A. Do you think courts give a darn about the 0.1% of users that are still using RSS? We might as well care about the 0.1% of users who want the ability to set every website's background color to purple with neon green anchor tags. RSS never caught on as a standard to begin with, peaking at 6% adoption by 2005.
B. Cloudflare has healthy competition with AWS, Akamai, Fastly, Bunny.net, Mux, Google Cloud, Azure, you name it, there's a competitor. This isn't even an Apple vs Google situation.
Cloudflare doesn't offer the same product suite as the other companies you mention, though. Cloudflare is primarily DDoS prevention while the others are primarily cloud hosting.
And it is the DDoS prevention measures at issue here.
Five years ago, you would’ve been right, but Cloudflare is very different now.

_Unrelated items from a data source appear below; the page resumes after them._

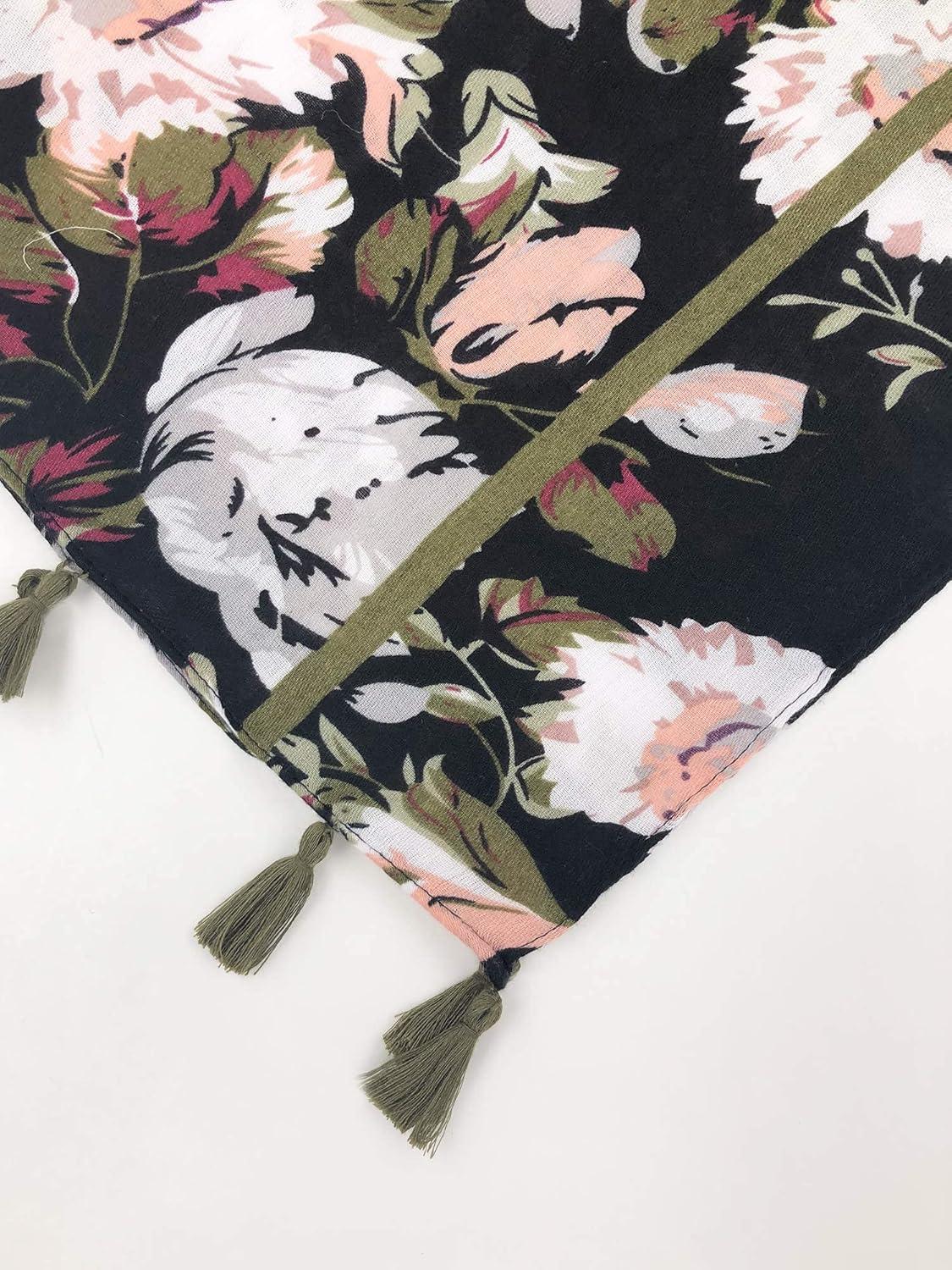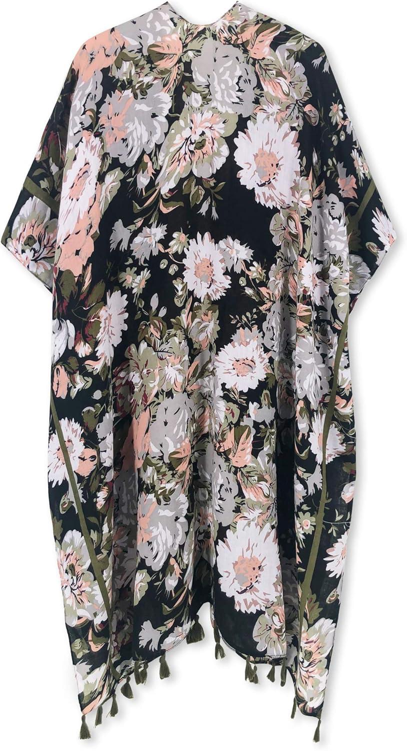 Moss Rose Women’s Beach Cover up Swimsuit Kimono Cardigan with Bohemian Floral Print(Black / Army)
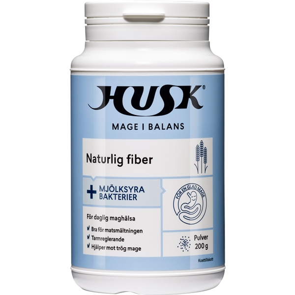 Husk med psylliumfibre, melkesyrebakterier og inulin. Bidrar til en normal fordøyelse, ved treg eller løs mage. Husk inneholder naturlige fibre fra psyllium, som hjelper til å opprettholde normal fordøyelse – eksempelvis ved treg eller løs mage. Husk tilbys i pulverform, kapsler og i porsjonsposer, og har en nøytral smak for enkel bruk i kalde drikker og retter (vann, juice, yoghurt etc).
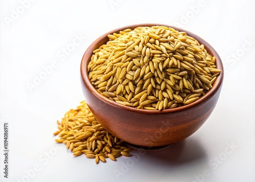 Vibrant Bowl of Dried Paddy Seeds on a Clean White Background, Perfect for Agricultural and Culinary Themes with Ample Copy Space for Text or Branding Needs
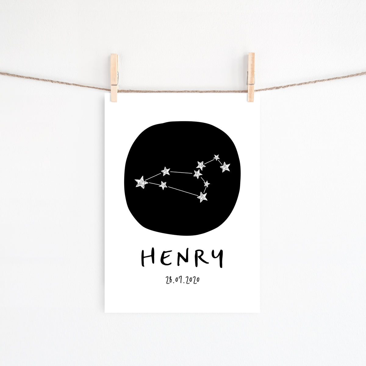 Unit price perA customised name and birth date wall art print, featuring the Leo star sign constellation. A statement piece for the monochrome nursery or bedroom decor.
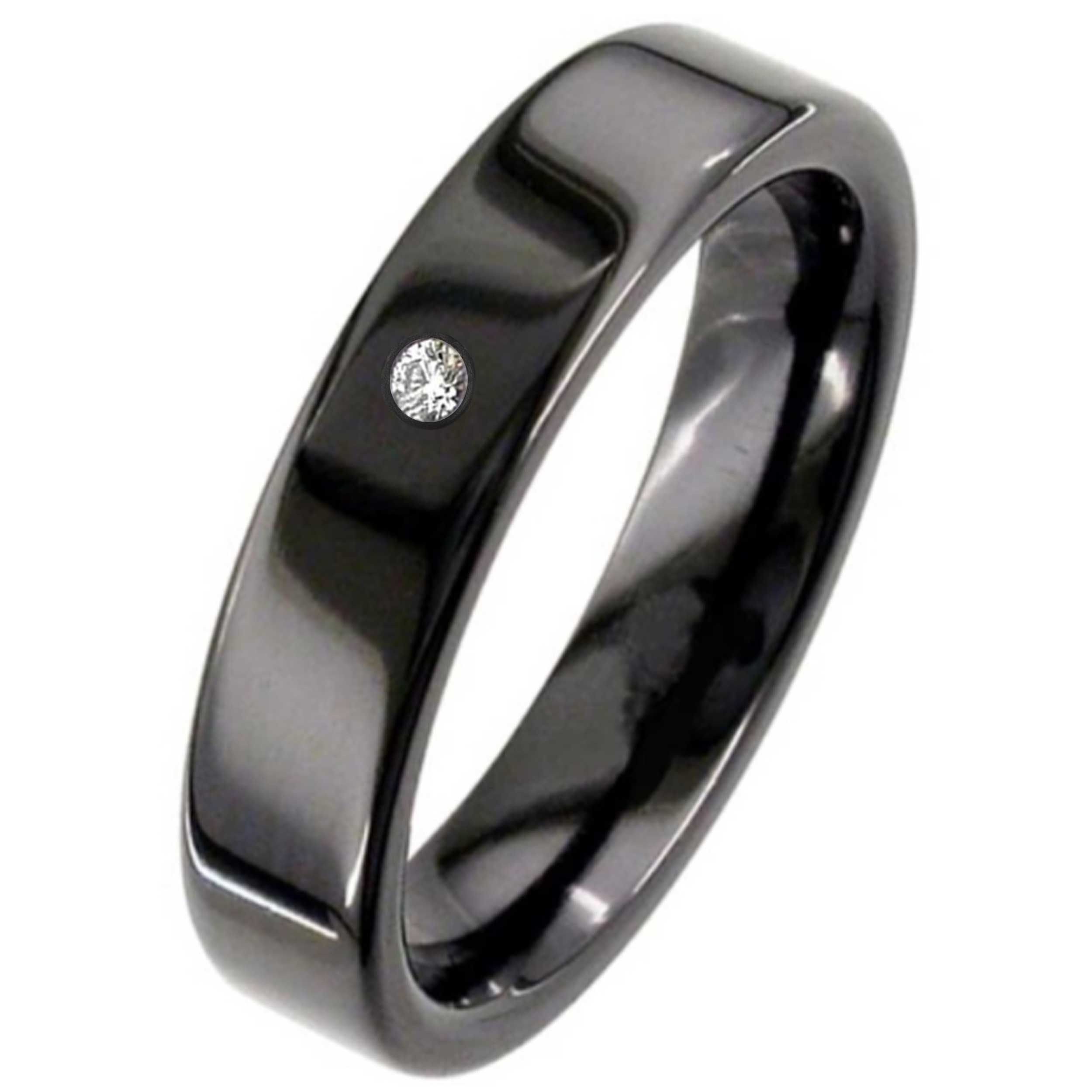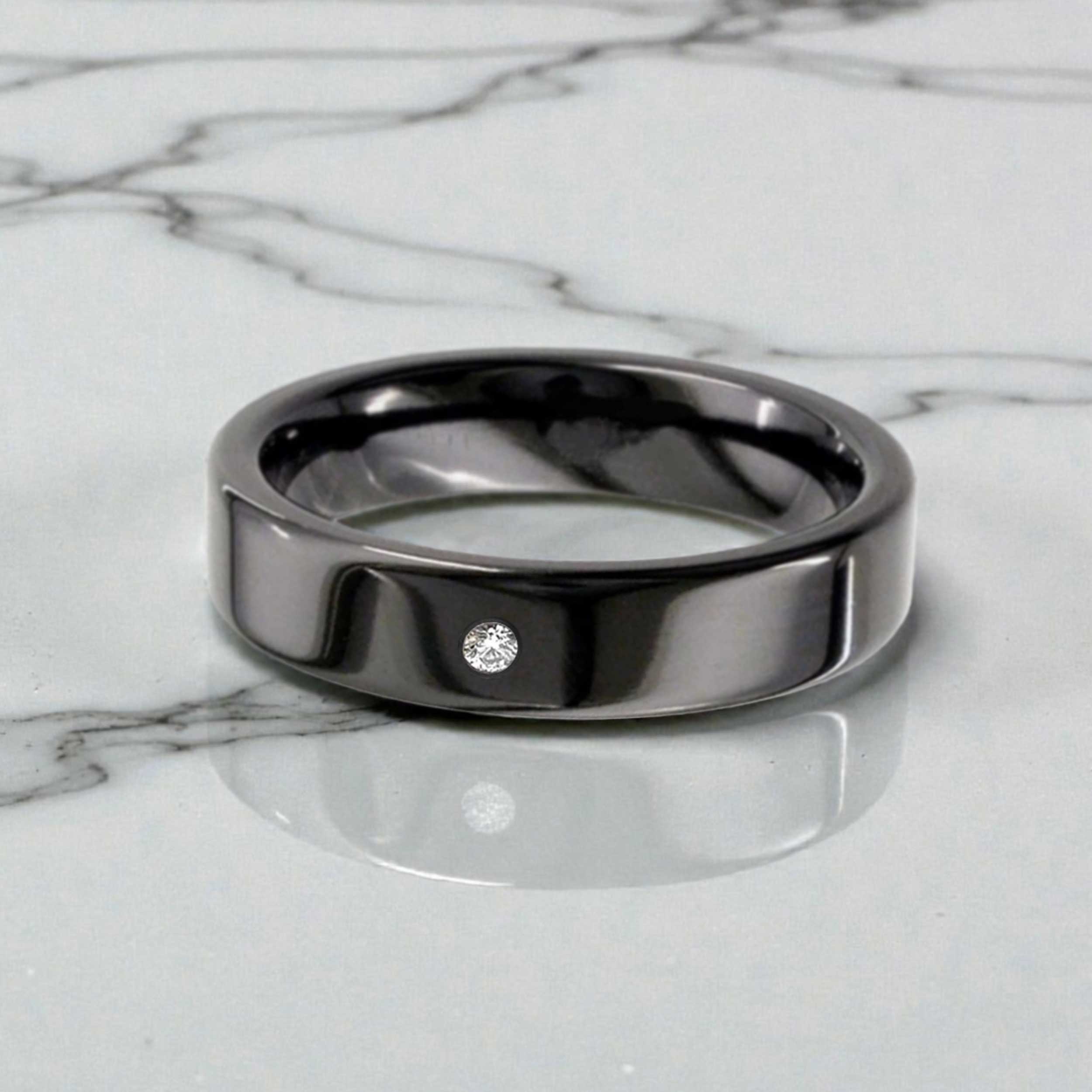 Polished black Zirconium ring with a flat profile and a stunning three point-diamond. An exceptional ring and a more unusual option for a wedding ring, crafted in 3 weeks. Larger widths are available in this Zirconium Ring, please contact us for details.
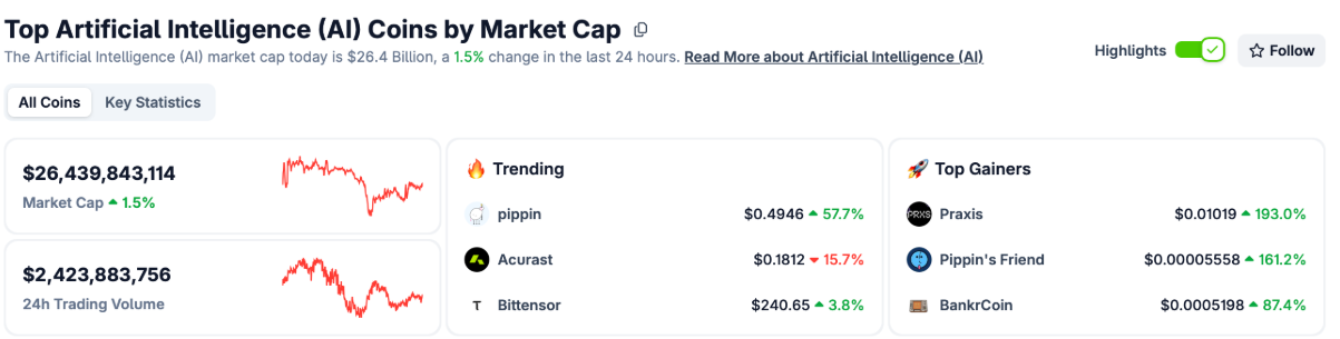 Token AI | Nguồn: CoinGecko
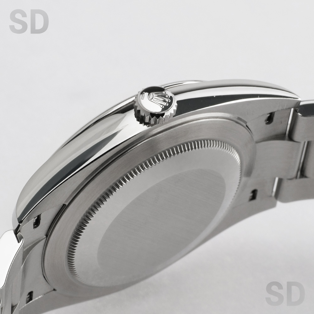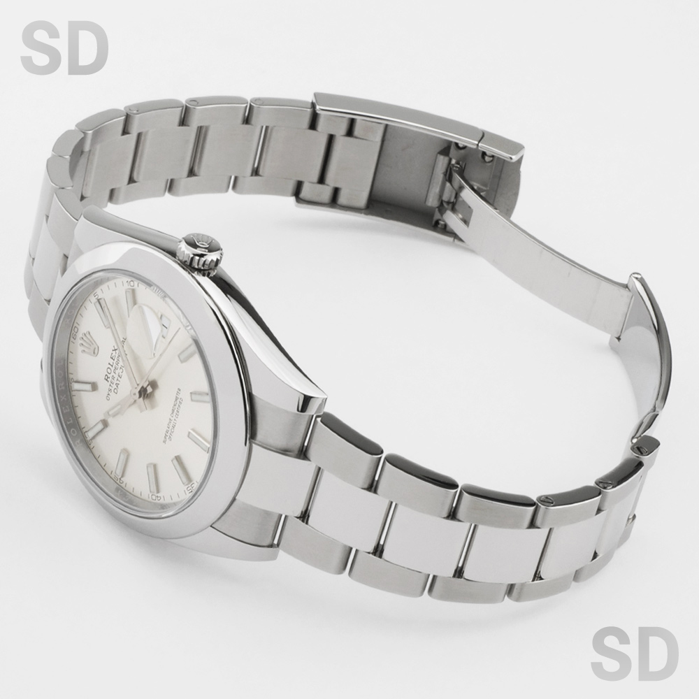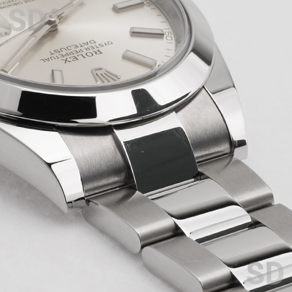 こちらのモデルは2017年に発表された現行モデル。36mmケースのデイトジャストとはサイズ違いとされていますが、36mmと異なりポリッシュされたスムースベゼルはフラットな形状をしております。生産が終了となったデイトジャストIIの後継機モデルとして製造されておりますが、ラグやケース形状の変更が加えられ長時間パワーリザーブの新ムーブメントCal.3235を搭載。腕時計の定番であるシルバー文字盤は、ドレスウォッチとしての上品さと適度な高級感を醸し出します。シンプルなスムースベゼルにオイスターブレスレットを装備したこちらのモデルは、オンオフ問わずご使用出来る1本。飽きのこないデザインで、末永くお使いいただけます。
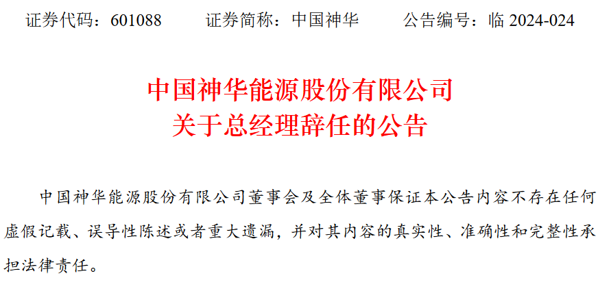 中國(guó)神華于5月31日發(fā)布公告稱,中國(guó)神華能源股份有限公司(“本公司”)董事會(huì)于 2024 年 5 月 30 日收到呂志韌先生遞交的書(shū)面辭呈。
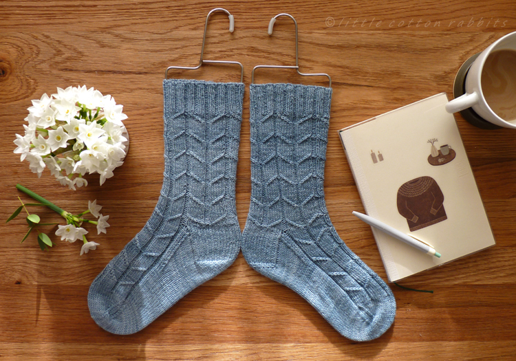 Anyway, two pairs of socks have been finished, the top ones are Fair Isle Flower Sock by Candice DeWitt knitted mostly in Eden Cottage Hayton ‘tarn’ and below are a pair knitted from Helen Stewart’s Fragment sock pattern in Madeline Tosh twist light yarn ‘well water’ (I’ve added both as projects to ravelry if you wanted links to yarns etc.)
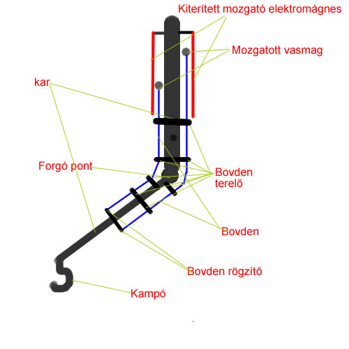 a rögzített karhoz képest kiterített mozgató elektro mágnesekkel. A bovdenek végén egy egy vasmag vagy valami mágnesezhető lenne!
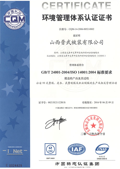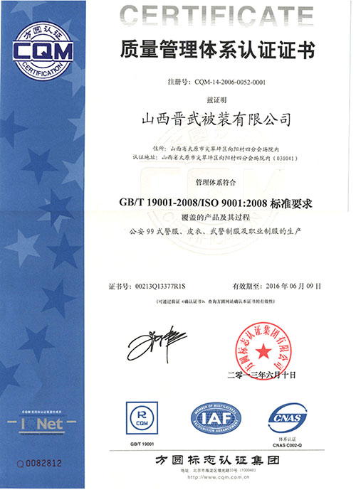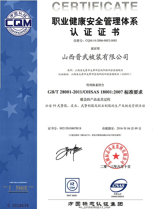 晋武被装自1999年先后通过了ISO9001、ISO14001和OHS18001认证,并在2009年被获得了“中国优质产品”证书,同时先后从日本、德国、美国引进先进的生产设备和先进的生产工艺,在2011年年初,我公司被评为“质量、服务、信誉AAA级金牌单位”。
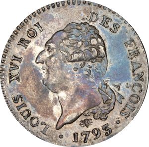 This specimen was lot 43108 in Stack's Bowers ANA sale (Oklahoma City, OK, August 2025), where it sold for $1,800. The catalog description<sup>[1]</sup> noted, "[[France|FRANCE]]. Constitution. 30 Sols, Year 5/1793-D. Lyon Mint. Louis XVI. PCGS MS-62. Colorfully toned and pleasingly struck, this nearly-Choice specimen from the final year of issue provides wondrous eye appeal and towers as the sole representative of the type in the PCGS census. From the Richard Margolis Collection (acquired from Spink in 1986 for $564). Ex: Spink Zürich (10/1986) lot # 813." The specimen shown is a 30 sols (equals 1/4 écu) of the Constitutional period (1791-93) during the French Revolution. | This specimen was lot 43108 in Stack's Bowers ANA sale (Oklahoma City, OK, August 2025), where it sold for $1,800. The catalog description<sup>[1]</sup> noted, "[[France|FRANCE]]. Constitution. 30 Sols, Year 5/1793-D. Lyon Mint. Louis XVI. PCGS MS-62. Colorfully toned and pleasingly struck, this nearly-Choice specimen from the final year of issue provides wondrous eye appeal and towers as the sole representative of the type in the PCGS census. From the Richard Margolis Collection (acquired from Spink in 1986 for $564). Ex: Spink Zürich (10/1986) lot # 813." The specimen shown is a 30 sols (equals 1/4 écu) of the Constitutional period (1791-93) during the French Revolution. | ||

Nowadays, Cloudflare has image compression and CDN services, video storage and delivery services, serverless compute with Workers, domain registration, (soon) container support with optional GPUs, durable objects (basically serverless storage), serverless SQL databases (D1), even an AWS S3 competitor with B2. They even have bespoke services like CloudFlare Tunnels - what’s AWS got that’s anything like it?
Cloudflare is getting close to full-on AWS. At least, the parts most customers use. If they just added boring old VPSs, people would realize very quickly how full featured they are.
As for DDoS mitigation - you’ve still got AWS Shield, Akamai, Azure, Radware, F5, even Oracle (Dyn) competing in that market. Unless you could show Cloudflare did illegal tying as a monopolist specifically to sell DDoS prevention, there’s no case.
B. Cloudflare has healthy competition with AWS, Akamai, Fastly, Bunny.net, Mux, Google Cloud, Azure, you name it, there's a competitor. This isn't even an Apple vs Google situation.